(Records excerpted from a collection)
╭──

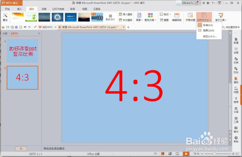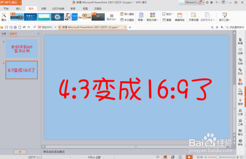 这里页面酿成的宽屏也就是16:9的页面了,反之也可以酿成4:3的,试着操作一下吧。
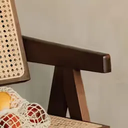 An example of loss of detail. Sighted users can tell this image contains a net of fruit on top of a chair — the features of this image persist. Albeit subtle, the wood texture on the armrest is lost in the AVIF and WebP images.
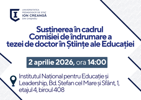 Candidat: SEMENIUC Natalia Conducător științific: ANDRIȚCHI Viorica, dr. hab., prof. univ. Tema tezei: CONTEXTUALIZAREA PARTICIPĂRII COPILULUI ÎN PROCESELE DECIZIONALE DEMOCRATICE ÎN ÎNVĂȚĂMÂNTUL GENERAL Specialitatea științifică: 531.01 Teoria generală a educației Data: 02.04.2026 Ora: 14:00 Locul: Institutul Național pentru Educație și Leadership, Bd. Ștefan cel Mare și Sfânt, 1, etajul 4, […]
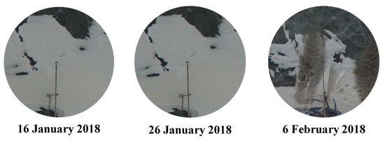 Snow cover area within the effective radius (3 m) of the pyranometer on 16 January, 26 January, and 6 February 2018.
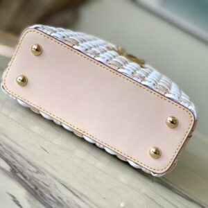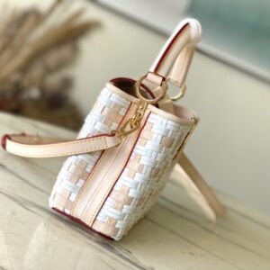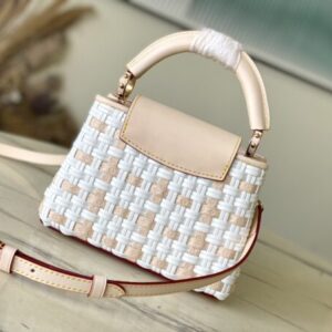 LV Heavenly Capucines handbag is from the Valentine’s Day limited series. It has a canvas strap and LV embossed leather ingeniously woven bag body, and is made of cow leather to shape the top handle, flap and adjustable shoulder strap. Leather and metal LV logo Complete the overall
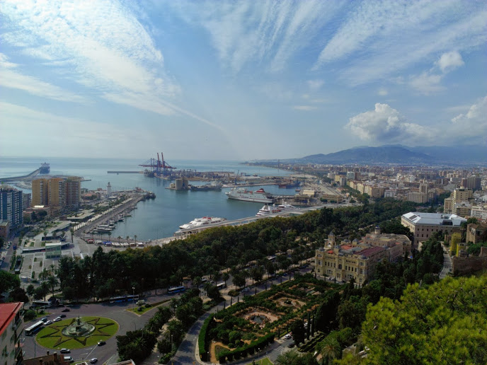 We just came back from Malaga where we enjoyed some splendid weather during the last 4 days. We went there to meet some friends of my GF and enjoy the last bit of Spanish summer since the Autumn and cold weather is approaching fast to Switzerland. This was the second time I visited the hometown of Pablo Picasso, but this time around I spent more time there and I discovered a city with some very interesting history reflected in places such as the Alcazaba and the Gibralfaro castle or the Malaga cathedral. The first time I completely missed this church is called “la manquita” (the one armed lady), because the south tower was never finished. Malaga is perse a very interesting city to visit, but it can also be useful a starting point to visit many places in Andalalucia. In this picture you can see the Malaga port area from the uphill road that take you to the Gibralfaro castle.
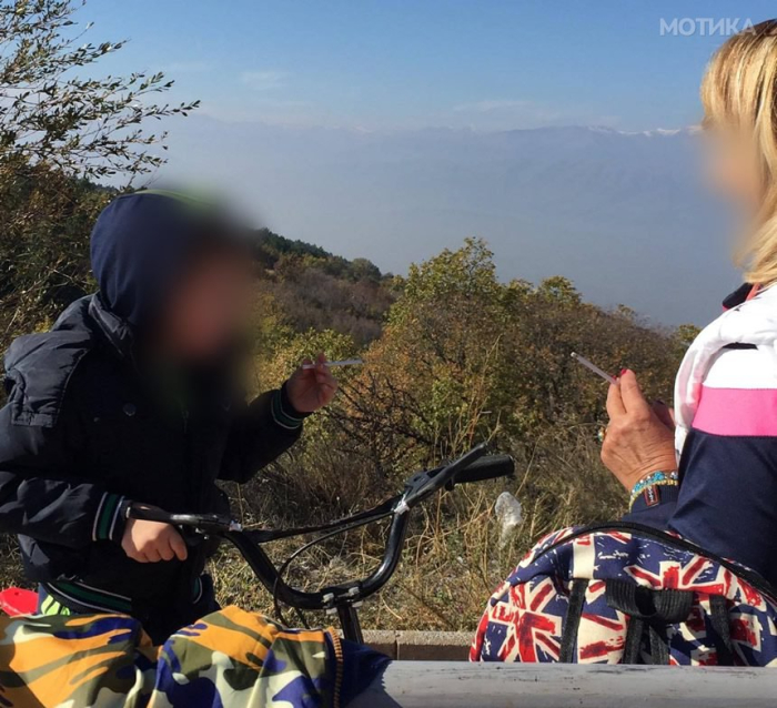 На Мотика осамна фотографија од која се згрози цела Македонија, на фотографијата се гледа како една постара жена му дозволува на внукот од три години да запали цигара.
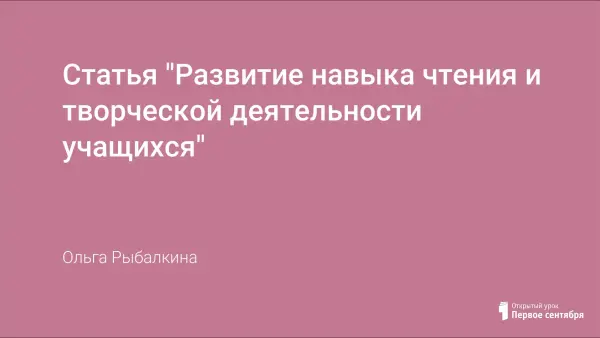 Чтение в начальной школе – органическая часть систематического курса литературы общеобразовательной школы. Её цель: формирование у учащихся читательских навыков, речевой и познавательной деятельности; усовершенствование методов и приёмов для успешного формирования беглого и осознанного чтения младших школьников в период обучения грамоте.
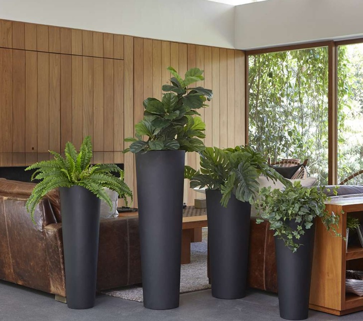 La maceta Paleto de figura esbelta cabe en cualquier lugar, pensada en lugares donde el espacio es un tema a cuidar. Cuatro tamaños diferentes.
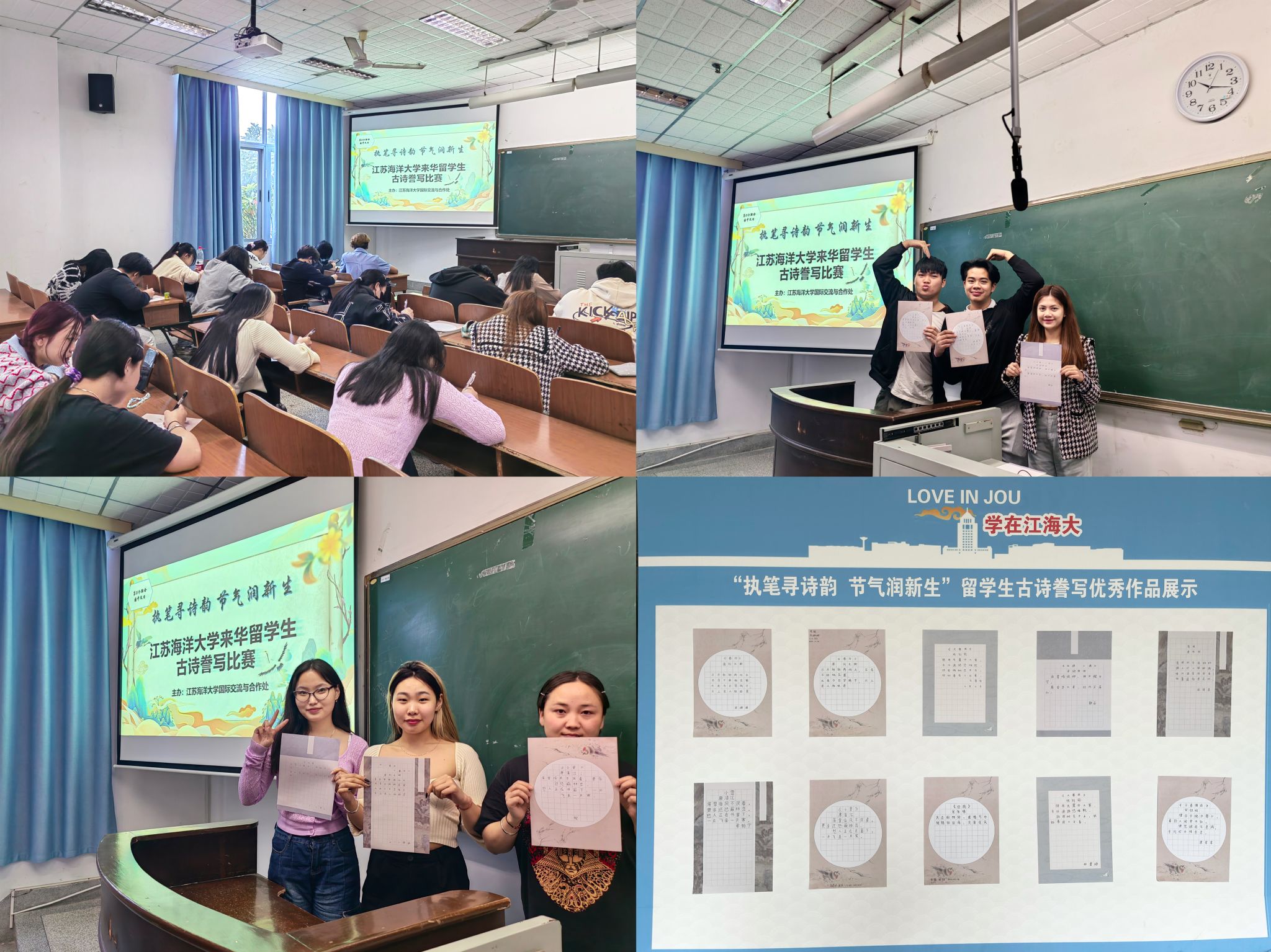 4月16日下午,“执笔寻诗韵节气润新生”江苏海洋大学来华留学生古诗誊写比赛在文通楼302室举行,留学生们挥笔写下与传统节气相关的古诗词,领略中华文化,感受汉字魅力。
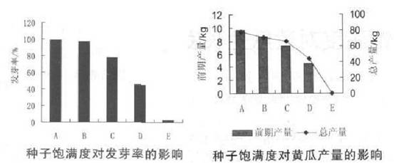 从上图不难看出,种子的发芽率以及黄瓜的产量与种子的饱满度有着很大的关系,在种子千粒重为18g以下时,种子的发芽率仅为2.3%,但是它的产量却是为0。随着种子饱满度的增加,种子的发芽率以及最终产量的产量均是在增加。
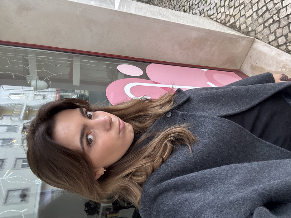 The image depicts a young adult female posing for a photograph on a cobbled street in Torres Vedras, Portugal. The individual has medium-brown, layered hair and is wearing a dark grey, collared wool coat over a black garment. Her facial expression shows pursed lips and slightly narrowed eyes. A small, star-shaped earring is visible in her left ear. She stands next to a retail storefront window, which displays large pink, abstract shapes with white outlines on its interior. The window's glass reflects a multi-story building with windows and balconies, white string lights, and a white dome security camera mounted within the reflection. The street is paved with grey, irregularly shaped cobblestones. A light-toned architectural column or facade element frames the right side of the storefront window.
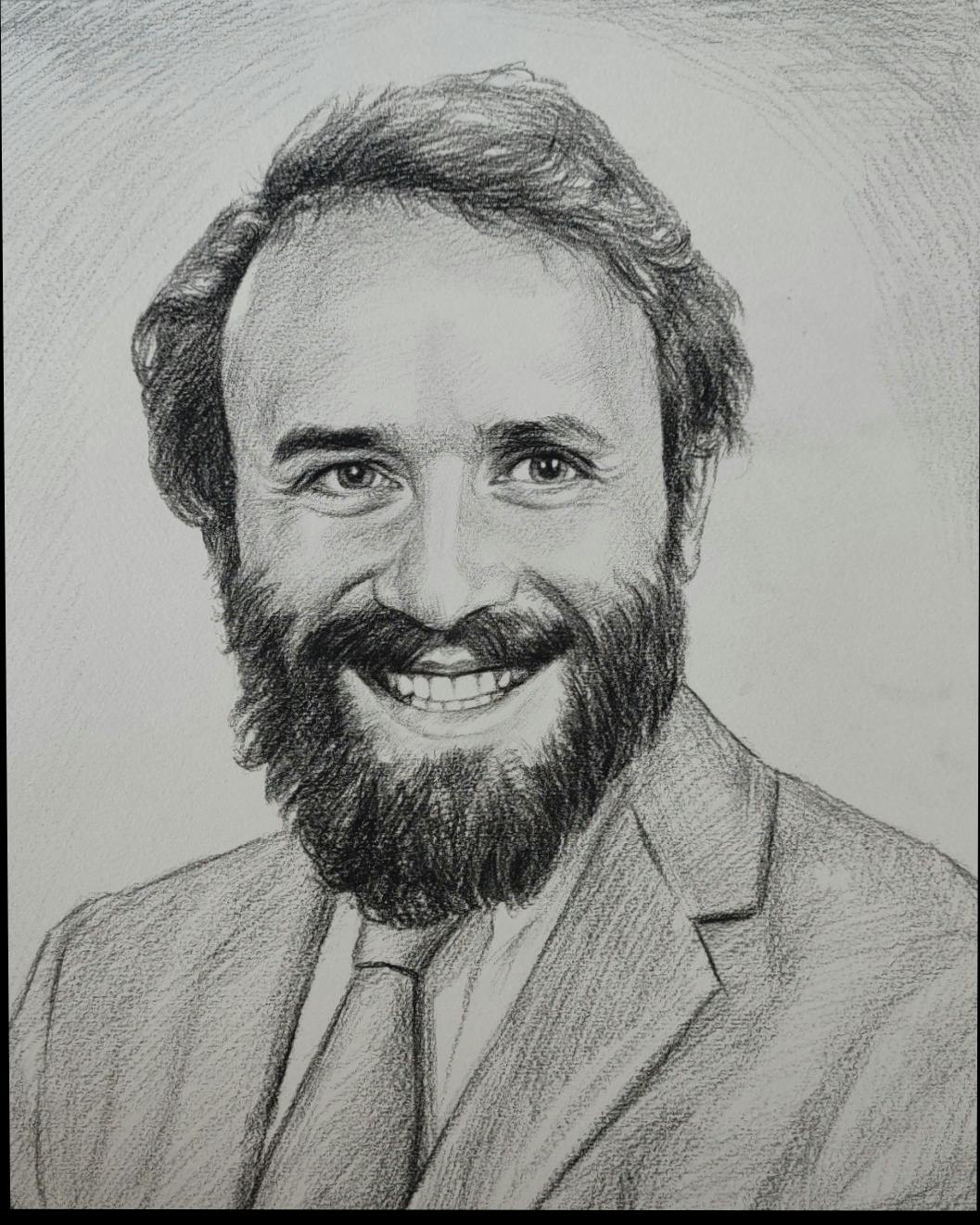 She did the best she could given the crazy-poor quality photo they had to work with. I was eventually able to find a better one and the follow-up version to this is now our favorite of the four headshots she drew for us!
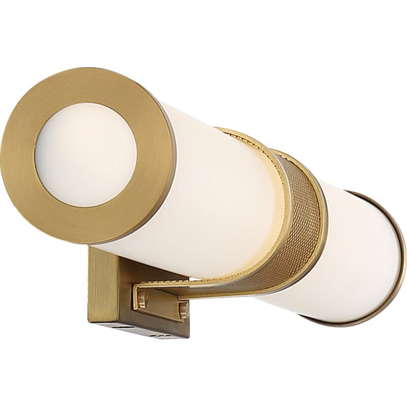 Vanity light with a contemporary design features a brushed brass finish and frosted acrylic lens
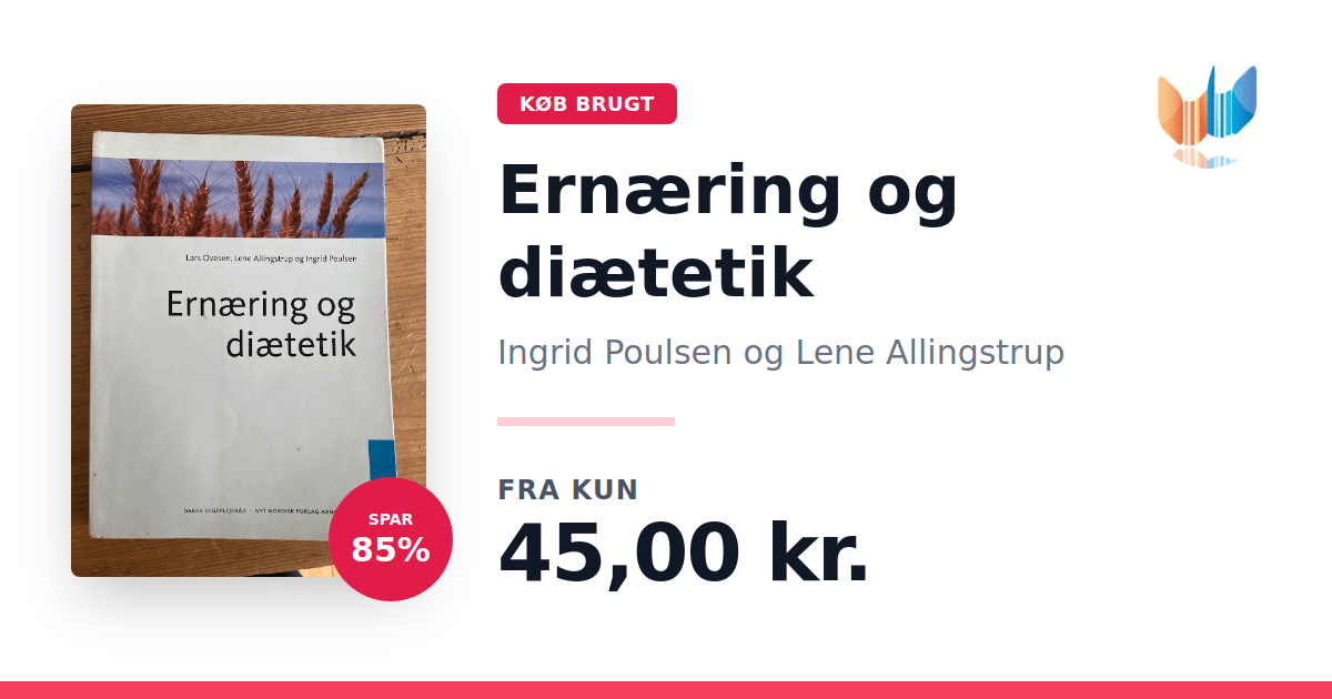 Lige nu kan du købe "Ernæring og diætetik" af Ingrid Poulsen og Lene Allingstrup til kun 45,00 kr. Du sparer hele 85% af nyprisen! Bogen du ser her er brugt, og i god stand. Vi har i øjeblikket 3 eksemplarer til salg af "Ernæring og diætetik", så husk at se de forskellige udgaver.
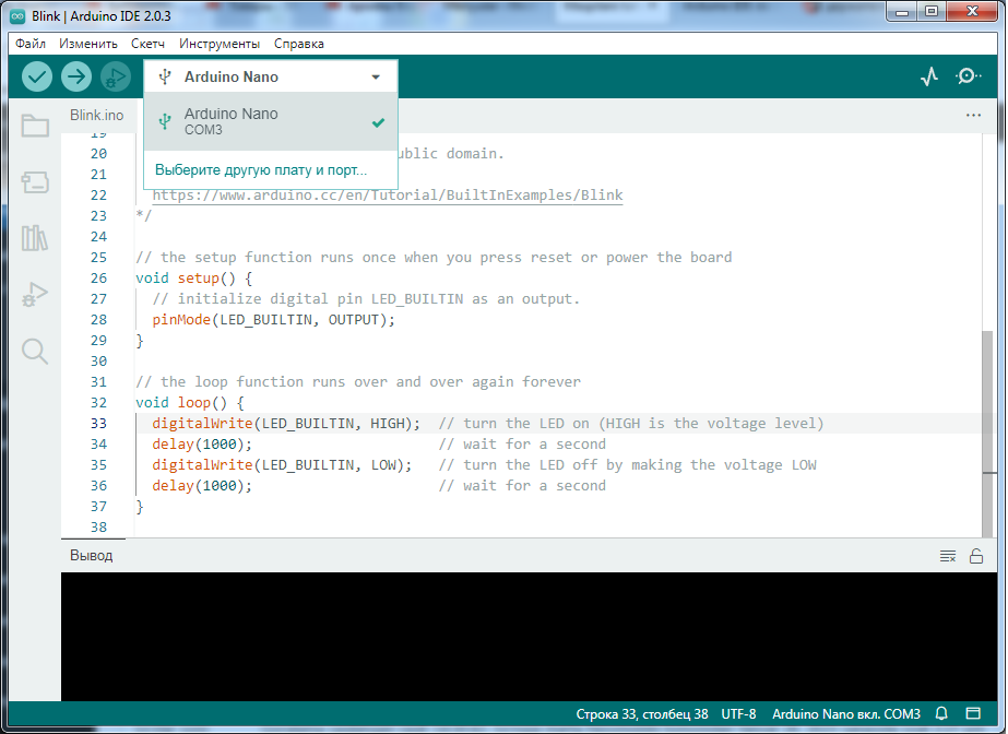 “Файл” menyusi “Примеры/01.Basics” bo’limidan “Blink” sketchini tanlaymiz. Oynada sketchning quyidagi kodi ochiladi (Uni plataga yuklashdan oldin Arduino platasini kompyuter USB portiga ulaymiz va menyudan kerakli plata hamda portni ham tanlaymiz):
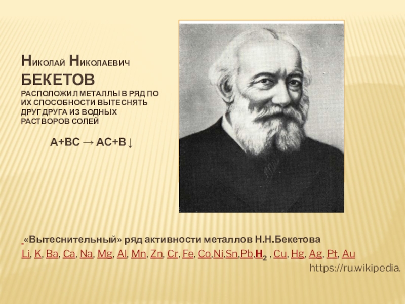 «Вытеснительный» ряд активности металлов Н.Н.Бекетова
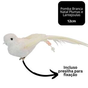 Pomba Branca Natal com Plumas e Lantejoulas 12cm com Presilha
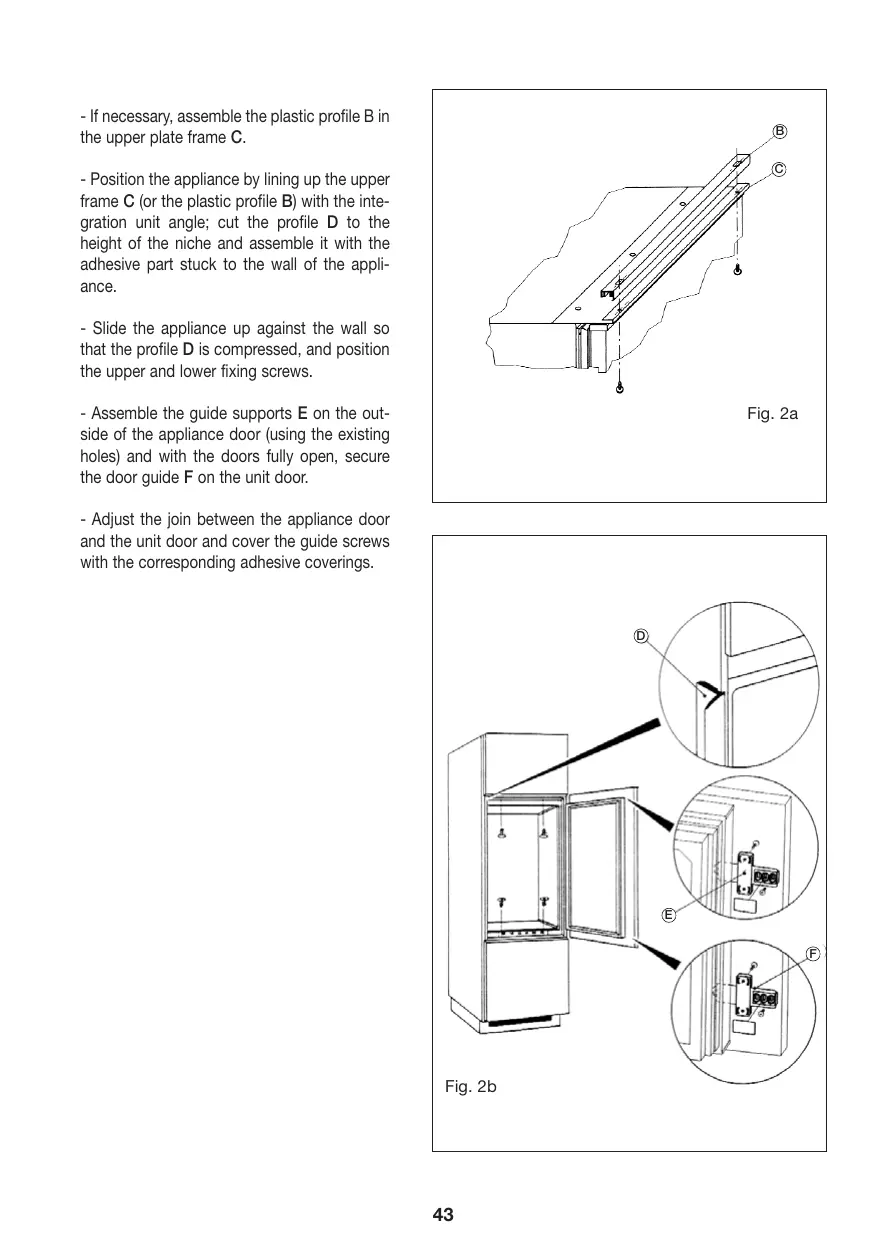 (par l’intermédiaire des trous) et, les portes étant entièrement ouvertes, fixez le rail de la porte F dans la porte du meuble. - Faites coïncider la porte du réfrigérateur et le meuble, puis recouvrez les vis du rail avec les capuchons adhésifs correspondants.

╰──

#### EXERCISE GOAL:
Give back the entries verbatim. Do not include any picture.

#### ANSWER FOR THE TASK:
 这里页面酿成的宽屏也就是16:9的页面了,反之也可以酿成4:3的,试着操作一下吧。
 An example of loss of detail. Sighted users can tell this image contains a net of fruit on top of a chair — the features of this image persist. Albeit subtle, the wood texture on the armrest is lost in the AVIF and WebP images.
 Candidat: SEMENIUC Natalia Conducător științific: ANDRIȚCHI Viorica, dr. hab., prof. univ. Tema tezei: CONTEXTUALIZAREA PARTICIPĂRII COPILULUI ÎN PROCESELE DECIZIONALE DEMOCRATICE ÎN ÎNVĂȚĂMÂNTUL GENERAL Specialitatea științifică: 531.01 Teoria generală a educației Data: 02.04.2026 Ora: 14:00 Locul: Institutul Național pentru Educație și Leadership, Bd. Ștefan cel Mare și Sfânt, 1, etajul 4, […]
 Snow cover area within the effective radius (3 m) of the pyranometer on 16 January, 26 January, and 6 February 2018.
 LV Heavenly Capucines handbag is from the Valentine’s Day limited series. It has a canvas strap and LV embossed leather ingeniously woven bag body, and is made of cow leather to shape the top handle, flap and adjustable shoulder strap. Leather and metal LV logo Complete the overall
 We just came back from Malaga where we enjoyed some splendid weather during the last 4 days. We went there to meet some friends of my GF and enjoy the last bit of Spanish summer since the Autumn and cold weather is approaching fast to Switzerland. This was the second time I visited the hometown of Pablo Picasso, but this time around I spent more time there and I discovered a city with some very interesting history reflected in places such as the Alcazaba and the Gibralfaro castle or the Malaga cathedral. The first time I completely missed this church is called “la manquita” (the one armed lady), because the south tower was never finished. Malaga is perse a very interesting city to visit, but it can also be useful a starting point to visit many places in Andalalucia. In this picture you can see the Malaga port area from the uphill road that take you to the Gibralfaro castle.
 На Мотика осамна фотографија од која се згрози цела Македонија, на фотографијата се гледа како една постара жена му дозволува на внукот од три години да запали цигара.
 Чтение в начальной школе – органическая часть систематического курса литературы общеобразовательной школы. Её цель: формирование у учащихся читательских навыков, речевой и познавательной деятельности; усовершенствование методов и приёмов для успешного формирования беглого и осознанного чтения младших школьников в период обучения грамоте.
 La maceta Paleto de figura esbelta cabe en cualquier lugar, pensada en lugares donde el espacio es un tema a cuidar. Cuatro tamaños diferentes.
 4月16日下午,“执笔寻诗韵节气润新生”江苏海洋大学来华留学生古诗誊写比赛在文通楼302室举行,留学生们挥笔写下与传统节气相关的古诗词,领略中华文化,感受汉字魅力。
 从上图不难看出,种子的发芽率以及黄瓜的产量与种子的饱满度有着很大的关系,在种子千粒重为18g以下时,种子的发芽率仅为2.3%,但是它的产量却是为0。随着种子饱满度的增加,种子的发芽率以及最终产量的产量均是在增加。
 The image depicts a young adult female posing for a photograph on a cobbled street in Torres Vedras, Portugal. The individual has medium-brown, layered hair and is wearing a dark grey, collared wool coat over a black garment. Her facial expression shows pursed lips and slightly narrowed eyes. A small, star-shaped earring is visible in her left ear. She stands next to a retail storefront window, which displays large pink, abstract shapes with white outlines on its interior. The window's glass reflects a multi-story building with windows and balconies, white string lights, and a white dome security camera mounted within the reflection. The street is paved with grey, irregularly shaped cobblestones. A light-toned architectural column or facade element frames the right side of the storefront window.
 She did the best she could given the crazy-poor quality photo they had to work with. I was eventually able to find a better one and the follow-up version to this is now our favorite of the four headshots she drew for us!
 Vanity light with a contemporary design features a brushed brass finish and frosted acrylic lens
 Lige nu kan du købe "Ernæring og diætetik" af Ingrid Poulsen og Lene Allingstrup til kun 45,00 kr. Du sparer hele 85% af nyprisen! Bogen du ser her er brugt, og i god stand. Vi har i øjeblikket 3 eksemplarer til salg af "Ernæring og diætetik", så husk at se de forskellige udgaver.
 “Файл” menyusi “Примеры/01.Basics” bo’limidan “Blink” sketchini tanlaymiz. Oynada sketchning quyidagi kodi ochiladi (Uni plataga yuklashdan oldin Arduino platasini kompyuter USB portiga ulaymiz va menyudan kerakli plata hamda portni ham tanlaymiz):
 «Вытеснительный» ряд активности металлов Н.Н.Бекетова
 Pomba Branca Natal com Plumas e Lantejoulas 12cm com Presilha
 (par l’intermédiaire des trous) et, les portes étant entièrement ouvertes, fixez le rail de la porte F dans la porte du meuble. - Faites coïncider la porte du réfrigérateur et le meuble, puis recouvrez les vis du rail avec les capuchons adhésifs correspondants.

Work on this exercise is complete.